- Born: Sydney, New South Wales, Australia
- Occupations: Television and film producer
- Notable credit(s): High Tide Police Rescue The Well

= Sandra Levy (producer) =

Australian film and television producer

Sandra Levy is an Australian film and television producer who has worked in both public and commercial television.

== Early life and family ==
Levy was born in Sydney. Her parents were Jewish communists from whom she inherited a love of the arts and a capacity for intellectual jousting. She married her second husband Australian television director Michael Carson in the 1970s. They had one son together, Simon, but the couple later divorced.

== Career ==
Levy was born in Sydney, New South Wales. She graduated from the University of Sydney with a BA majoring in English literature. While at university she was a fringe member of the Sydney Push.
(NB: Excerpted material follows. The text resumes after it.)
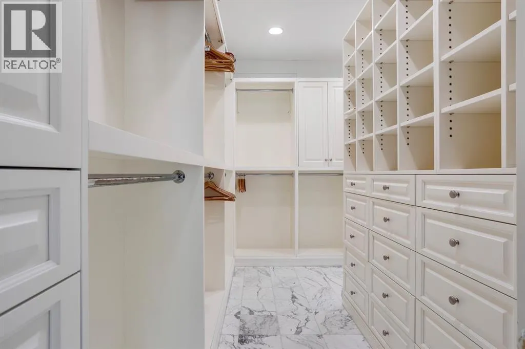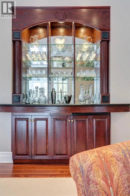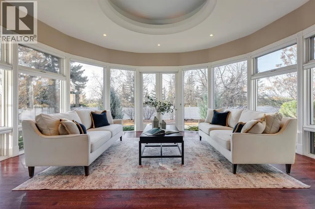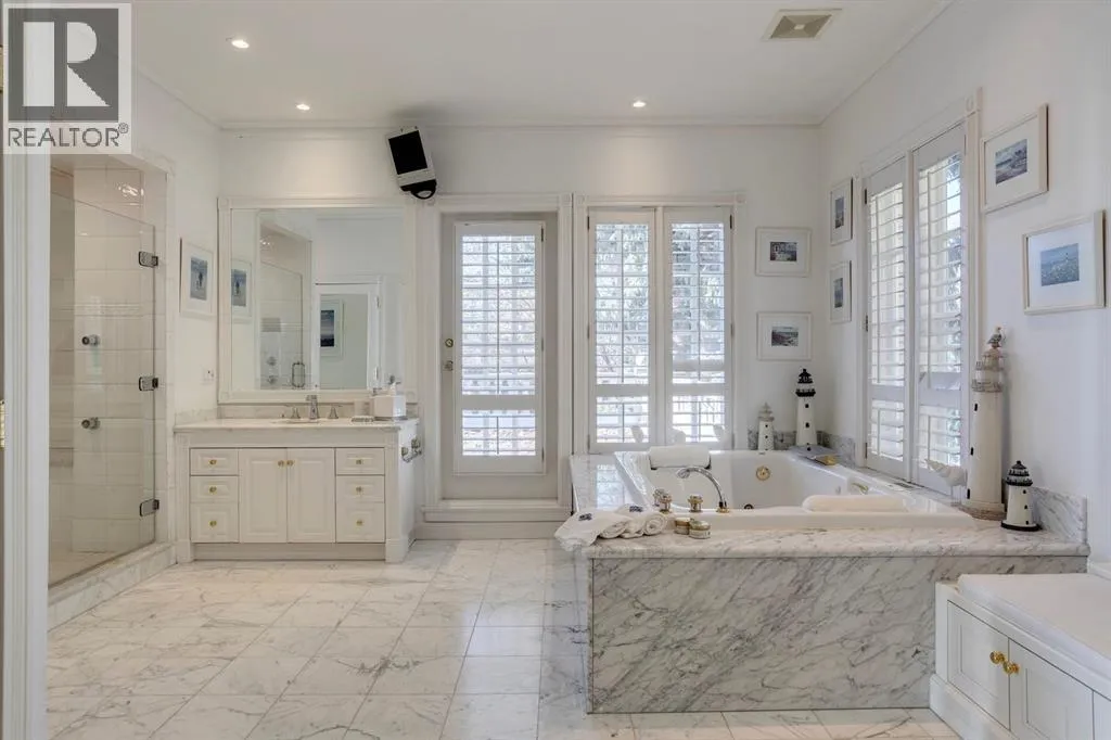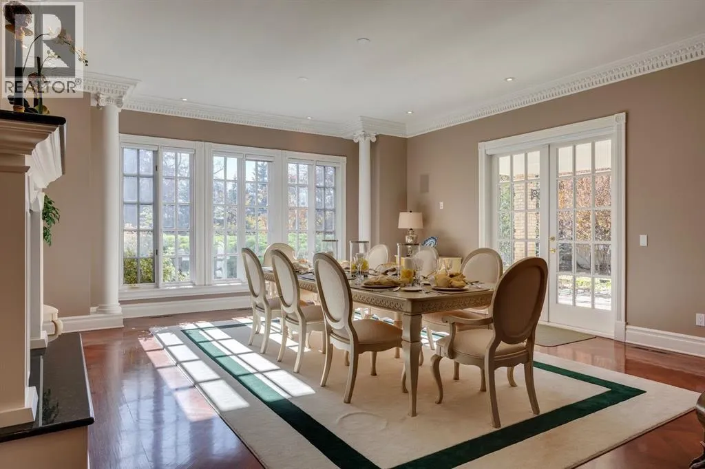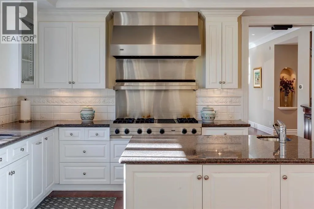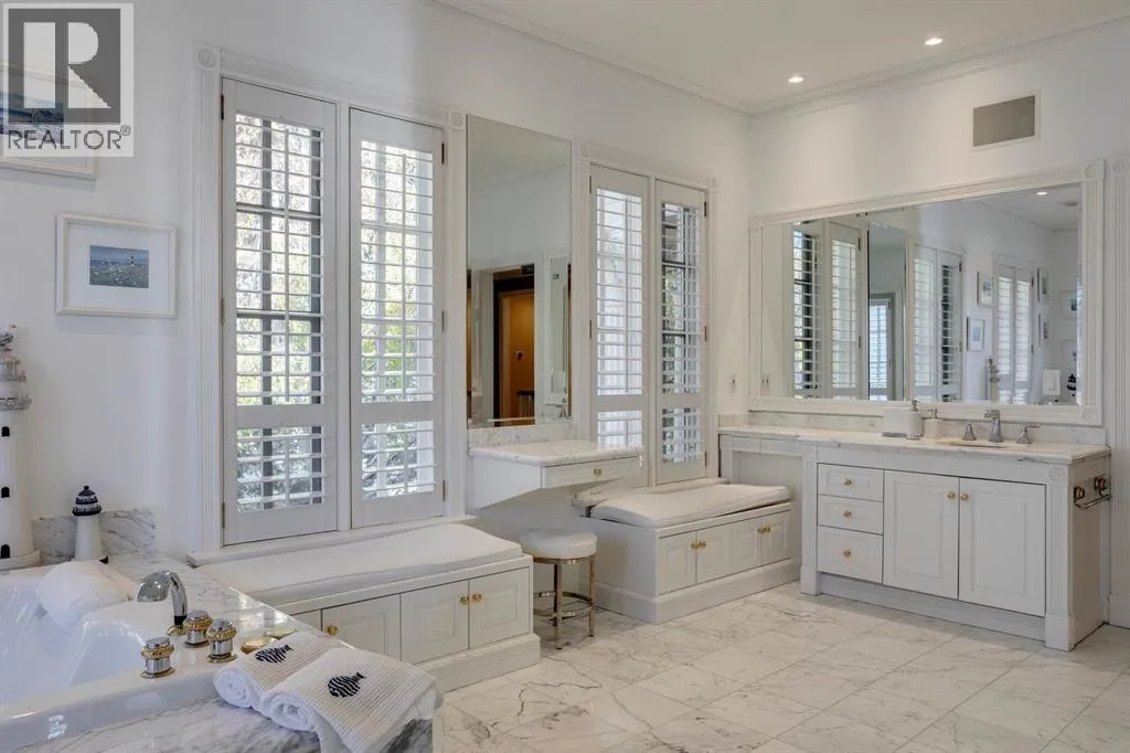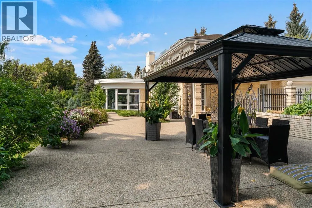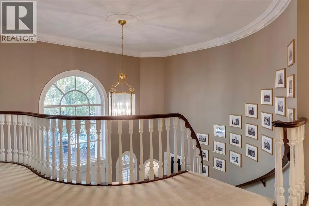 Timeless in design and uncompromising in craftsmanship, this bespoke neoclassical estate ranks among the city's most distinguished residences. Nestled in a fully treed, meticulously landscaped setting ensuring complete privacy, it delivers an unforgettable first impression. The brick façade features columns, concrete balustrades, and wrought-iron gates to assert its stately presence. A gated, heated driveway leads to a triple garage and an exceptional underground parkade accommodating eight more vehicles, complete with car wash and workshop. Inside, a dramatic curved staircase anchors the grand foyer, introducing the artistry throughout. The main floor excels in entertaining, ideal for galas, business dinners, or family celebrations with generous gathering spaces, a cloak room, two elegant powder rooms, expansive corridors, and multiple French doors opening to terraces and gardens. A refined formal living room with limestone-trimmed fireplace, display cabinet and graceful chandelier has ample room for a grand piano. The spacious dining room with fireplace and butlerâs pantry is ready for formal dining. An inviting library boasts wood bookcases and a lounge for quiet reflection. The family room provides multiple sitting areas, a wet bar, and access to the south-facing circular sunroom overlooking the private grounds. Adjacent is a classic kitchen with commercial-grade appliances including a six-burner cooktop, double wall ovens, and warming drawers. A casual dining area suits morning coffee or weeknight meals while the walk-in pantry contains an extra freezer and water dispenser. Upstairs, the primary suite is a private sanctuary with a serene sitting room and fireplace, plus doors out to the south-facing rooftop patio and multiple walk-in closets. A marble clad ensuite indulges with dual vanities, multi-head shower, and generous tub. The second and third bedrooms each have ensuites, while the third-floor guest suite/office features balcony views of the reservoir and mountains, plus a three-piece bath. Downstairs, the lower level focuses on leisure: a home theatre with tiered seating, a snack bar with candy display, a Tuscan-inspired wine cellar with barrel-vaulted ceiling and wrought-iron gates, gym/recreation room, and steam room. Private staff quarters include a secondary kitchen, fifth bedroom/hobby room, laundry with double washer/dryers, and separate entry. Located in a prestigious, tightly held enclave backing protected parkland, this property ensures privacy and security. Created for the connoisseur of living well, this home seamlessly blends spaces for health, leisure and passion. Every detail, from the classical proportions to the enduring materials reflects a home crafted for how discerning families truly live: entertaining beautifully, living comfortably, and enjoying privacy without compromise. A residence that embodies grace, strength and refined living, an iconic estate in every sense. (id:27476)

After a short period as a school teacher, Levy joined the ABC as a trainee. In 1987 she was promoted to head of drama at ABC TV. From 1989 to 1998 she was head of drama at Southern Star Endemol. Levy returned to the ABC as director of television from 2001 to 2005. During her stewardship, the audience increased 24 per cent, due to the production of programs including Kath and Kim, Spicks and Specks, Enough Rope and The Chaser. In 2006 she joined Channel 9 as head of drama and a year later took over from Malcolm Long as CEO of the Australian Film, Television and Radio School for two four-year terms, stepping down on 24 June 2015.

== Filmography (selected) ==

=== Film ===

- High Tide (film) (1987)
- The Well (1997 film)

=== Television ===

- Palace of Dreams (miniseries) (1985)
- The Alien Years (miniseries) (1988)
- True Believers (miniseries) (1988)
- Police Rescue (series) 1989–1996)
- Children of the Dragon (miniseries) 1992

== Honours and recognition ==
In 2010 Levy was awarded a Doctor of Letters honoris causa by Macquarie University in recognition of her thirty years' work in film and television.

Levy was made an Officer of the Order of Australia in the 2014 Queen's Birthday Honours for "distinguished service to the arts as a film and television director and producer, and through strategic leadership and educational roles".